Regarding an upbringing of people pleasing.


The first is a childhood where the parents love the child simply because the child exists. Their love is unconditional and totally accepting. They do not criticize or chastise or discipline the child but instead they listen to the child, they encourage and praise, not indiscriminately but in ways which help the child to become aware that every action has consequences, and that consequences must be taken into account in making decisions. Provided that no chance disaster strikes the family bringing hardship and loss, the child in such a family is very likely to be happy, a happiness emanating from a strong sense of self-confidence and worth.

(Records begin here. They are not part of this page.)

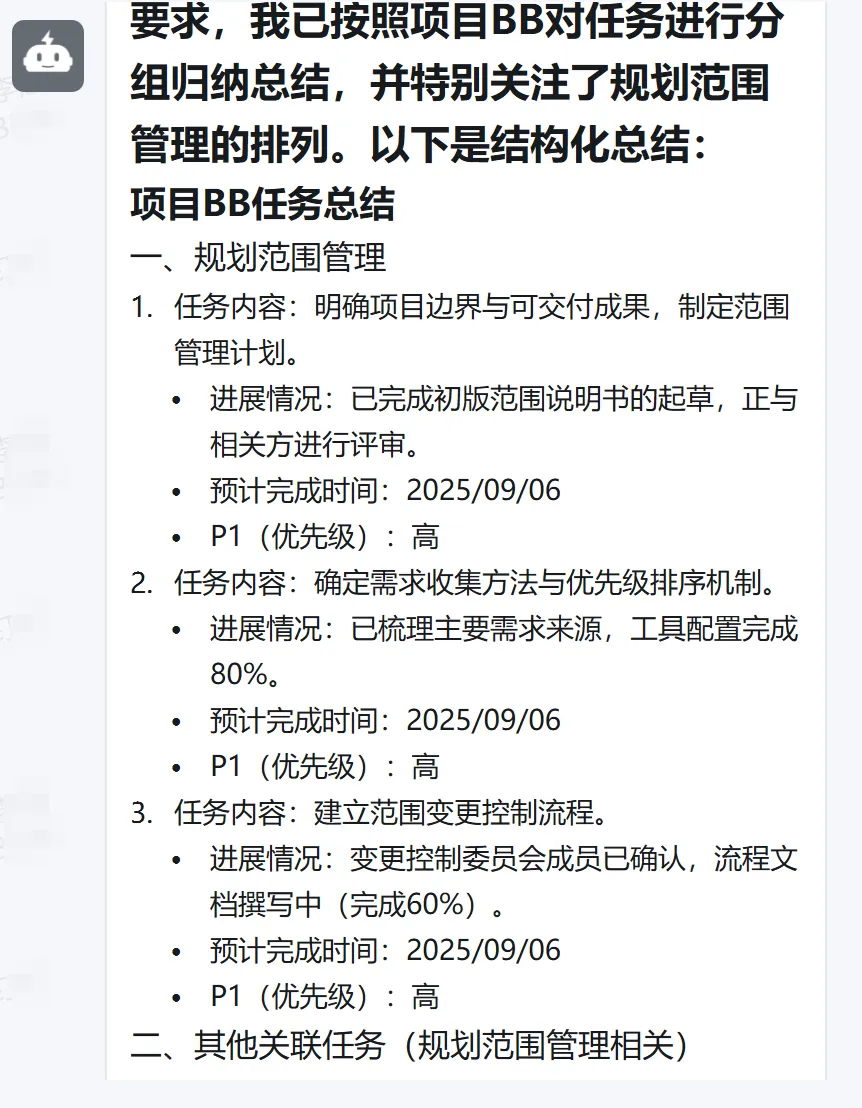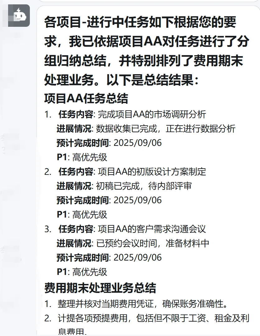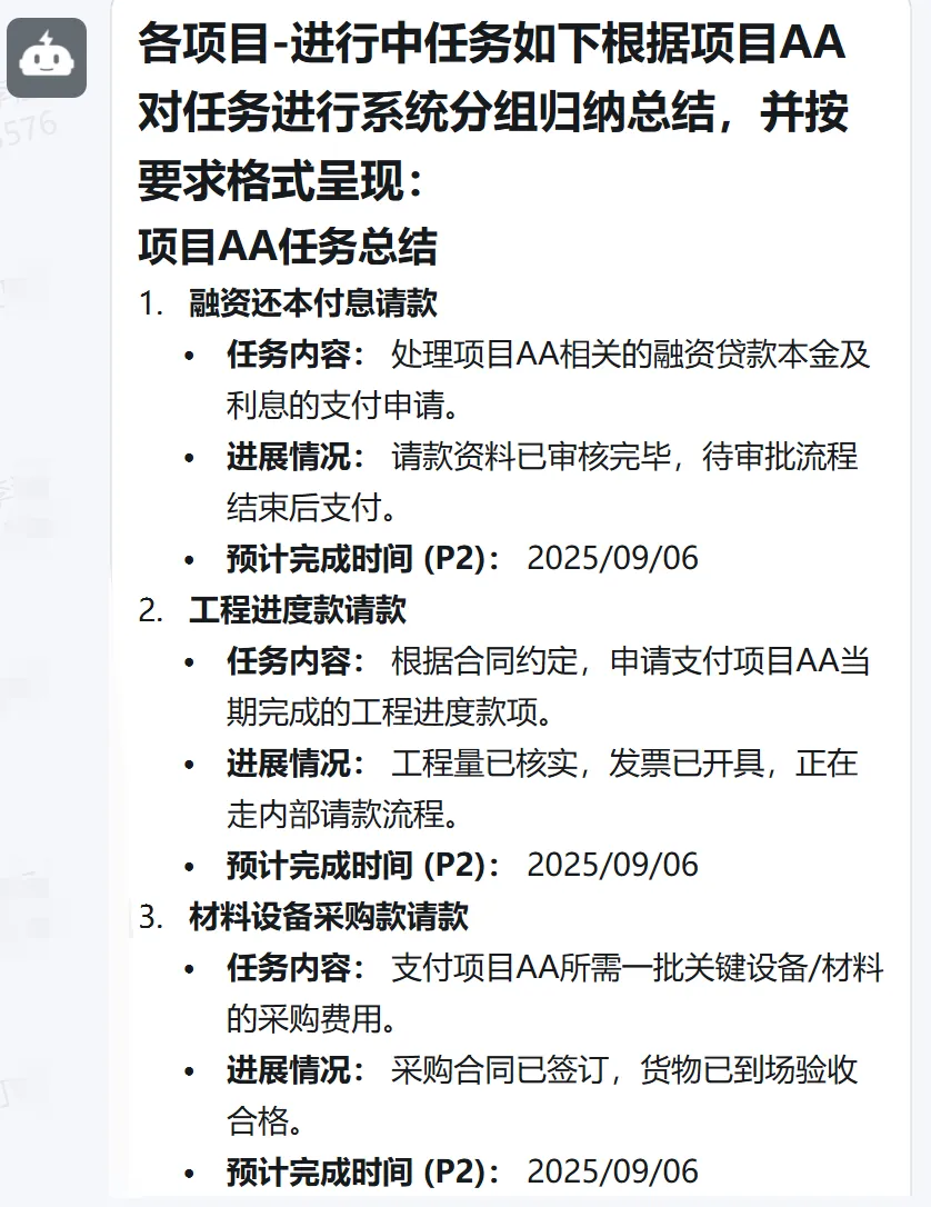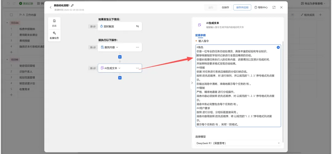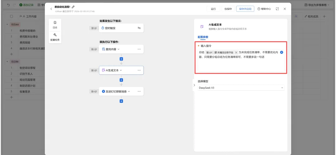 例如:“每天下午6点,将飞书任务管理表格中‘任务执行人’、‘任务’、‘进展’、‘预计完成时间’4个字段的数据,按任务执行人总结汇总后,自动推送至钉钉项目群。”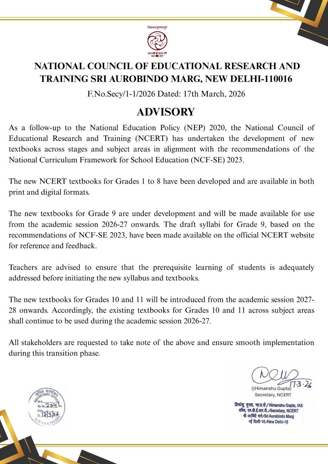 ఇక 10, 11 తరగతులకు కొత్త పుస్తకాలు 2027–28 నుంచి అమలులోకి వస్తాయని స్పష్టం చేశారు. అప్పటివరకు పాత పాఠ్యపుస్తకాలనే కొనసాగించాల్సి ఉంటుంది. ఈ మార్పుల నేపథ్యంలో ఉపాధ్యాయులు ముందస్తు జ్ఞానాన్ని బలపరచాలని ఎన్సీఈఆర్టీ సూచించింది.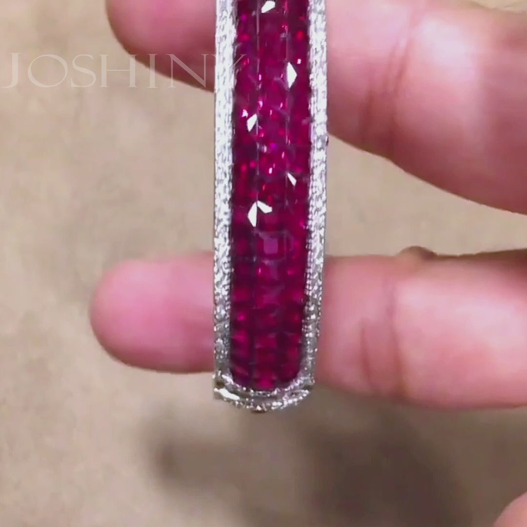 This is a full hoop, 22.4ctw, invisible setting bracelet,vintage, elegant. The princess cut Ruby very exquisite. The bracelet is made of 925 silver throughout, with thick gold plating, which makes the luster more durable compared to other single layer plating. Bring more possibilities for your fashion collocation.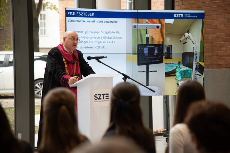 Az elmúlt egy évben számos fejlesztés valósult meg a Klinikai Központban. A Belgyógyászati Klinika Kardiológiai Centrumába például 2025 első félévében egy szívkatéteres angiográf berendezés érkezett 265 millió forint értékben, egy echokardiográfiás felső kategóriás ultrahang 28 millió forint értékben. 2025 februárjában megtörtént a Szülészeti és Nőgyógyászati Klinika Reprodukciós Medicina Intézet Andrológiai Ambulanciájának és laborjának kialakítása, felújítása saját forrásból, megközelítőleg 28 millió forint értékben. A koraszülött mentési feladatok átvételére és integrálására került sor az SZTE egészségügyi struktúrájába 2025. március 1-jével. Az egyetem regionális ellátórendszerben betöltött szerepe erősödött, miközben a humán, infrastrukturális és szakmai kapacitások is bővültek. A Mediversal Egészségügyi Szolgáltató Kft. az SZTE SZAKK Traumatológiai és Ortopédiai Klinikájával közös használatra 2025 májusában közfinanszírozott és térítéses betegellátásra beszerzett egy CORI csontsebészeti robotot, amely térd- és csípőprotézis műtétek kiszolgálására alkalmas. A berendezés értéke 408 millió forint. Az Ápolásvezetési és Szakdolgozói Oktatási Igazgatóság Központi Gyógytornász és Fizioterápiás Szolgálat részére oktatást támogató, fejlett technológián alapuló eszközöket szereztek be NKFI alapból 740 millió forint értékben. A Gyermekgyógyászati Klinika és Gyermekegészségügyi Központban a sebészeti és gyermektraumatológiai műtőblokkot újították fel 970 millió forint értékben, ahol néhány napja történt meg a műszaki átadás, továbbá 310 millió forint értékben (EFOP pályázati forrásból) a sürgősségi osztály felújítása is zajlik, november végén megtörténik a műszaki átadás.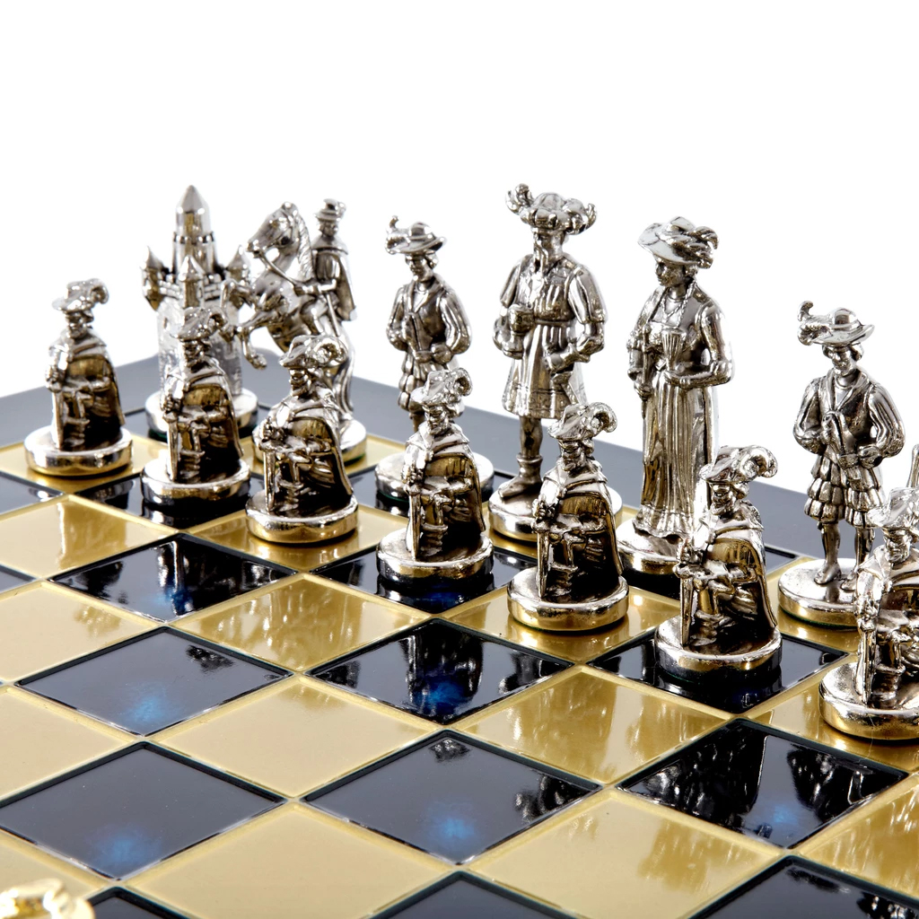 Набор шахмат «Рыцари средневековья» произведен в Греции на фабрике, специализирующейся на изготовлении шахмат и нард с 1970 года. Их изделия отличаются высокой степенью детализации отделки персонажей, оригинальным оформлением игральных досок и отменным качеством на протяжении всех лет деятельности. Краска на игровое поле наносится вручную, что наделяет каждый набор индивидуальностью и делает его неповторимым.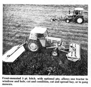 "There is virtually no limit on the number of front and rear equipment combinations that can be used with the new system," explains Harkness. For example, you can windrow hay up front and bale it in the back, prepare the seedbed and plant in one operation, spray up front and plant or till behind, or gang mow with one mower up front and two offset on each side behind.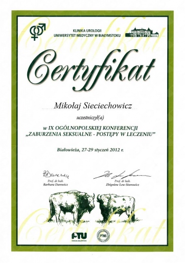 Jaki jest zakres porad oferowanych przez Mikołaj Sieciechowicz?Mikołaj Sieciechowicz to urolog, chirurg. Na podstawie swojego doświadczenia i wykształcenia Mikołaj Sieciechowicz oferuje usługi takie jak: Konsultacja urologiczna + USG, badania bakteriologiczne, badania diagnostyczne, badania hormonalne, badania krwi, badania profilaktyczne, badanie moczu, badanie per rectum, badanie układu moczowego, badanie urodynamiczne.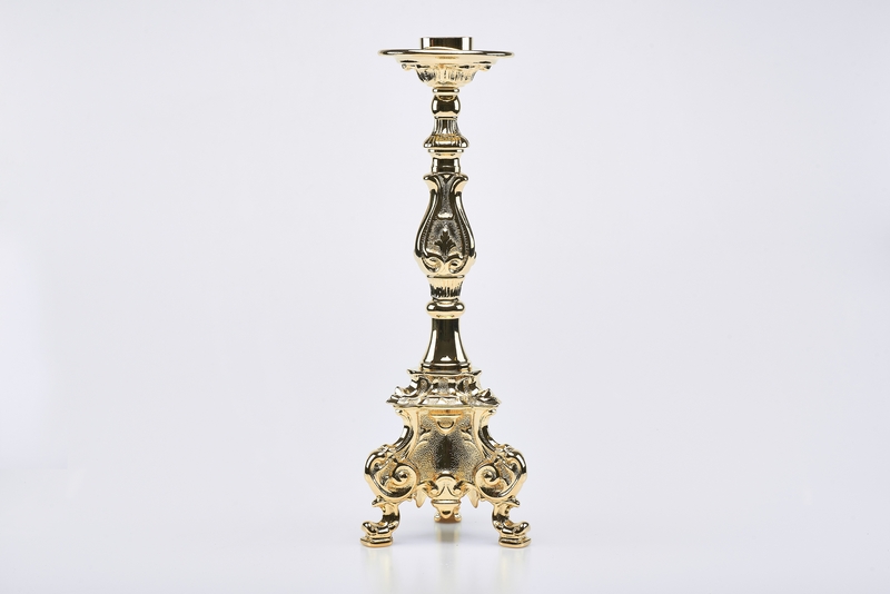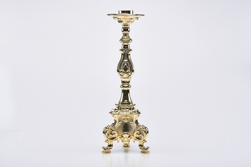 Candeliere "Rococò " , altezza cm.40- misura bossolo cm.4 . Questi candelieri sono forniti in ottone lucido,se richiesti dorati o nikelati sovrapprezzo del 15%.( A richiesta questo prodotto puo' essere elettrificato).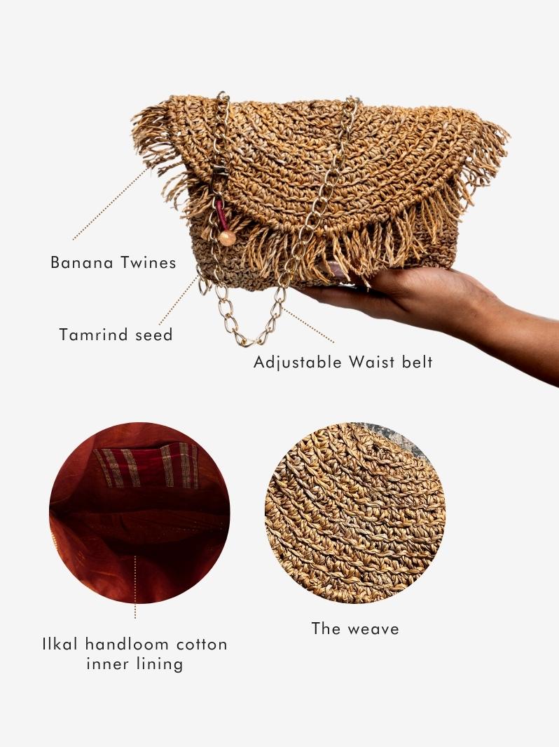 Our exquisite New Moon Crest Bag is an embodiment of cuteness, practicality, style, and eco-consciousness. This versatile bag effortlessly transitions between clutch, sling bag, and fanny pack waist bag, adapting to your every need and occasion.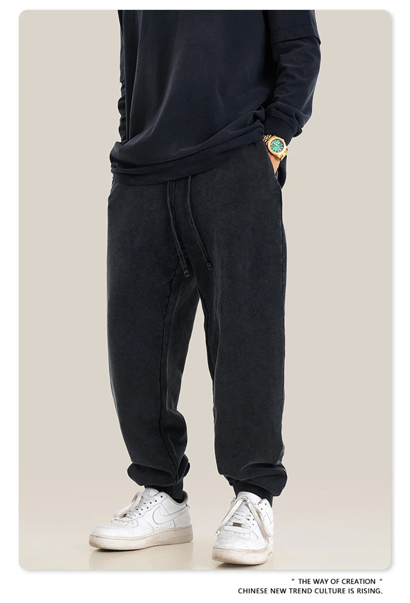 ZODF New Autumn Winter Men Washed 400gsm Sweatpant Unisex Loose Heavyweigh Cotton Sport Joggers Pants Streetwears HY0893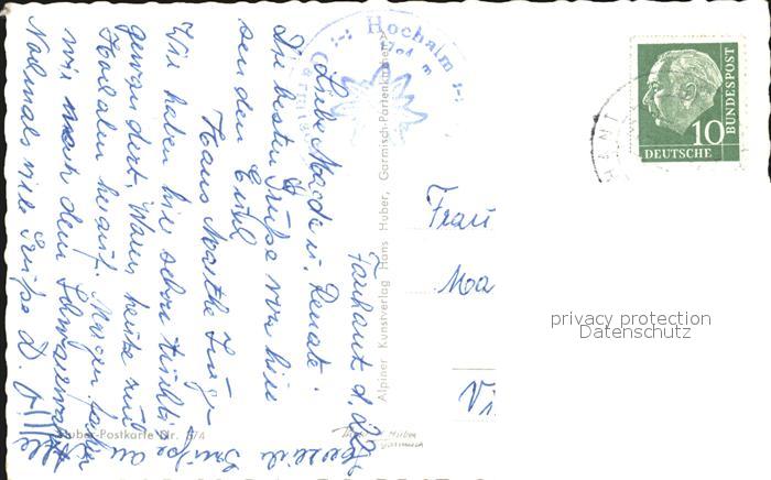 72427177 alte Postkarte GARMISCH-PARTENKIRCHEN Bayern Hochalm mit Wettersteinspitze postalisch gelaufen Erhaltung siehe scans KatCode: 11110009180117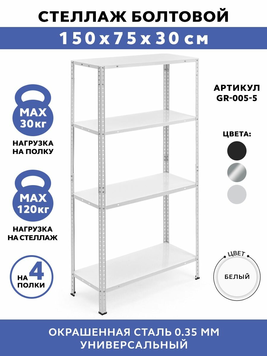 Стеллаж металлический болтовой GASTRORAG GR-005-5, 4 полки, размеры 150х75х30 см, этажерка для кухни, мебель лофт, подставка для цветов и рассады, система хранения для дома, дачи и гаража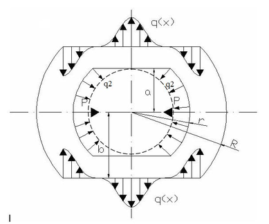 Горизонтальные нагруженные стороны заменить наклонными, соединив правые и левые точки горизонтальных сторон с точкой на вертикальной оси симметрии, отстоящей от центра пластины на расстояние 1.3b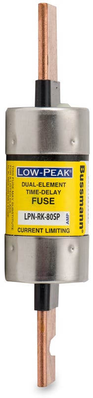 Cooper / Bussmann class Rk1 80 ampere time delay characteristics dual element current limiting midget fuse with maximum voltage rating of 250V / 125Vdc and standard interrupting rating of 300000 ampere (Symmetrical) 20000 ampere (Dc) terminal type blade.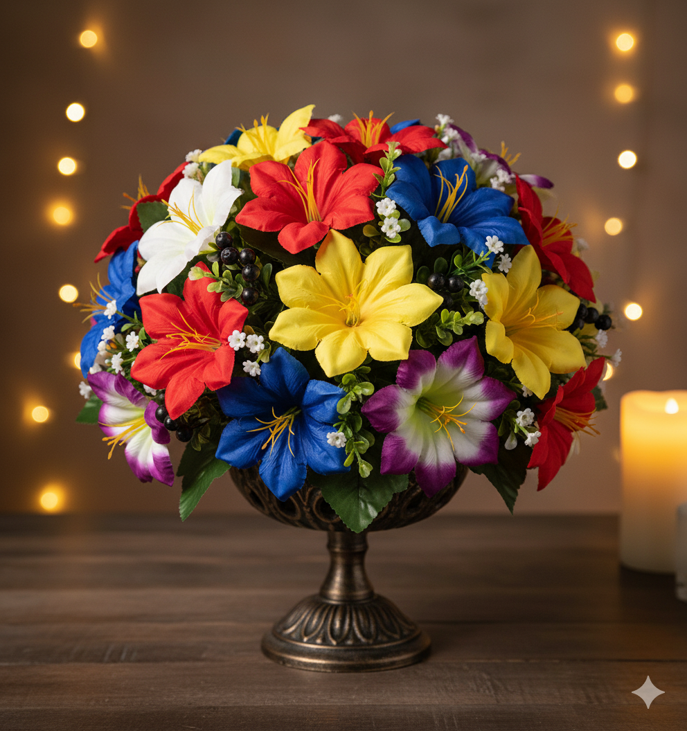 Квітка Прес 7 виконана з об’ємними пелюстками та виразними тичинками. Її форма та текстура точно імітують природну квітку, що робить її чудовим елементом у ритуальних композиціях, вінках та декоративних прикрасах. Завдяки використанню якісного шовкового матеріалу квітка зберігає привабливість протягом тривалого часу.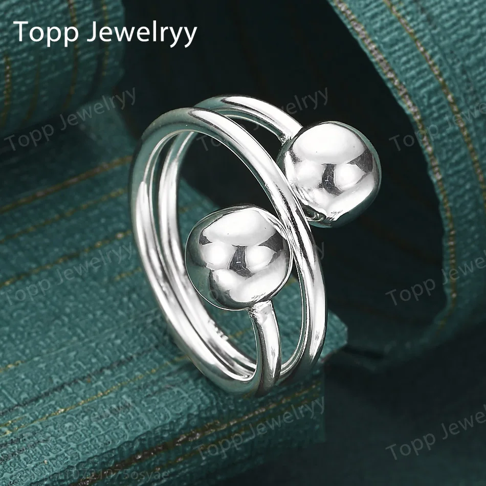 925 Sterling Silver Exquisite Adjustable Double Beads Ring Fashion Women Charm Party Christmas Gift Jewelry
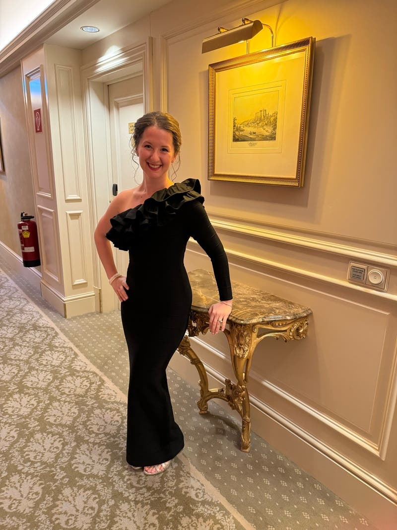 Black bandage (90% Recycled Rayon, 9% Nylon, 1% Spandex). Column. Long sleeve. One shoulder. Side zipper closure. 51.5" from shoulder to hemline. 21" slit. Imported.
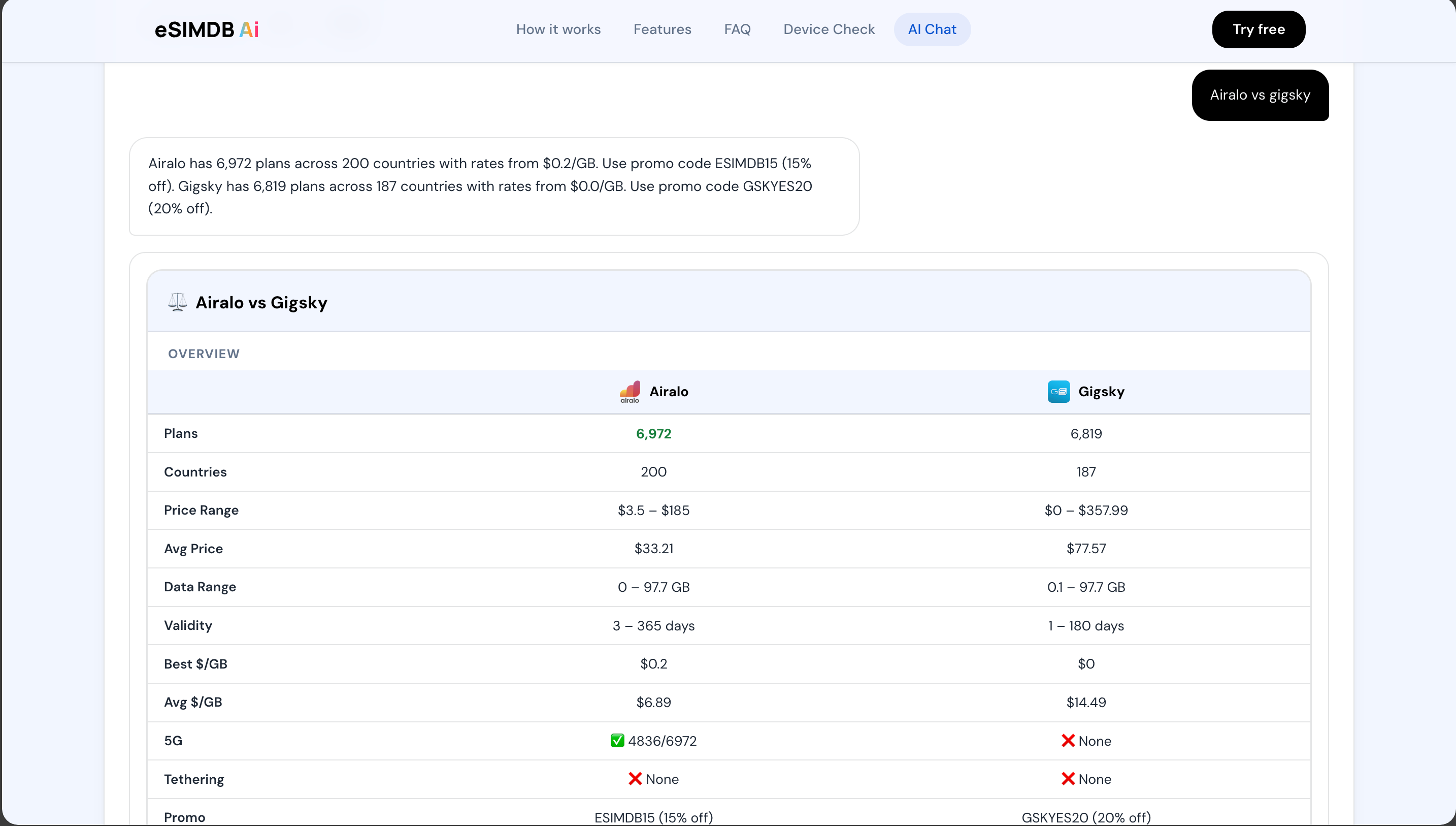 Find the best eSIM plan for your destination in minutes. AI-powered comparison across 120+ provid...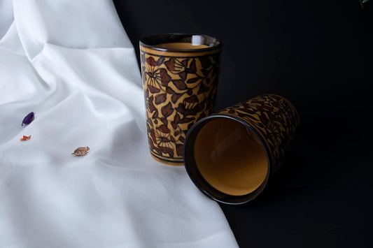 Caffeine Ceramic Handmade Brown Sehra Water Glass (300ml) Set of 2)

The second kind of childhood is one where the child very quickly identifies what will please the parents and becomes proficient in producing that kind of behaviour, and the parents consistently reward the child for being good.

Knowing what pleases his parents usually enables the child to identify what will please his teachers, and so the queue of adults lining up to be horrible to him is relatively short. However, happiness based on being good is not secure.

In childhood being able to please parents and teachers by being good is very simple compared to the impossible task in adulthood of please family, friends, colleagues, society and God being good. Then every day becomes a struggle to be good enough. Sooner or later disaster strikes, and it can be a hard lesson to learn that no amount of goodness prevents disaster. Only good people get depressed, and people stay depressed because they cannot accept that they need to make fewer demands upon themselves in order to satisfy themselves that they are good."

I think she over-idealises the first childhood (EVERY family, parents will discipline their children at some time or another- evidence for me, is my neighbours who have very normal kids) Anyway her distinction of childhoods is very interesting for me. One where there is people-pleasing (I recognise doing this with teachers), and one where there is more based (as my interpretation) on normal self-expression. (I've interpreted this in my own way, but other people may interpret this otherwise).